I went back home and called Trudy Van Dial at Sojourner Truth. She rang for Garland Burns. When he got on I told him that I was working out of the area office for Mr. Stowe for the day.

“You tell Newgate about it,” I said. “He can call up Stowe if he has any problems with it. And make sure that Archie is getting to his assignments.”

“Sure thing, Mr. Rawlins,” Burns said.

“Anything else, Garland?”

“That policeman, Sergeant Sanchez, talked to me and Mrs. Plates yesterday,” the clean-shaven young Christian Scientist said in his schoolboy way.

“Yeah?”

“What he mostly asked about was you.”

“Really?” I said in my most perplexed tone. “Oh, well. See you tomorrow, Mr. Burns.”

“Okay. Bye now, Mr. Rawlins.”

I drove the long ride out to Watts but I wasn’t going to work that day. I went all the way down to 116th Street and the first home I ever owned.

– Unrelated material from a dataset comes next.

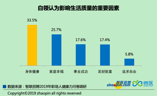 隨時(shí)把生活質(zhì)量掛在嘴邊的白領(lǐng)們,認(rèn)為“身體健康”排在首位的受訪者占比33.5%,在各個(gè)因素中比例最高。
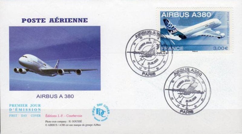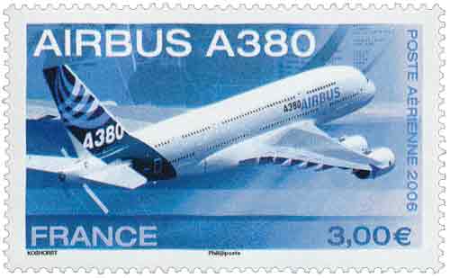 | Commentaire | L’Airbus A380 qui sera mis en ligne en 2006 est l’avion civil le plus moderne, le plus spacieux et le plus performant de tous les temps. Airbus le présente comme le « fleuron du XXIe siècle », il a été conçu en étroite collaboration avec les grandes compagnies aériennes, les aéroports, les autorités aéroportuaires et les services officiels du monde entier. Avec l’A380, c’est un nouvel art du voyage qu’Airbus offre à ses clients et à leurs passagers avec un confort hors pair et davantage d’espace individuel, même en classe économique, sur des lignes telles que Londres-Singapour ou Los Angeles-Sydney. Doté des technologies les plus avancées au niveau des matériaux, systèmes et processus industriels, l’A380 satisfait aux exigences les plus strictes en matière de certification. Ce timbre a également été émis en feuillet de 10 TP et est dentelé 13 et comporte des impressions sur les marges du feuillet. Le timbre de feuille comme le timbre du feuillet de 10 TP sont imprimés sur papier avec azurants optiques visibles sous UV. |

Primo was sitting on the front porch of my house, protected by the overhang from the light drizzle. When I got out of the car he stood up and waved. He yelled something in Spanish into the front door and then limped his way out toward me.

It was in the past couple of years that Primo developed his limp. I didn’t know what had happened and I never asked.

The fence around the yard had been torn down and there were three cars parked on the lawn. One hulk had the engine next to it while another jalopy was up on boxes instead of wheels. The house could have used a touch-up but I knew that it would have been an insult for me to offer to have it painted so I let it ride.

“Easy,” Primo hailed. “How are you, my friend?”

“Well…”

“You don’t have to say it.” Primo smiled, showing me a pitted silver tooth. “I can see that you’re in bad trouble.”

“How can you see that?”

“Because when you’re okay, or maybe just a little bad, you always got a present for us and the kids. You feel like a guest and the guest always brings a gift so everybody knows how happy he is to come there.” Primo raised his hand like a country teacher. “But when you got a problem bringing a gift is like, like a snake making with pretty eyes.”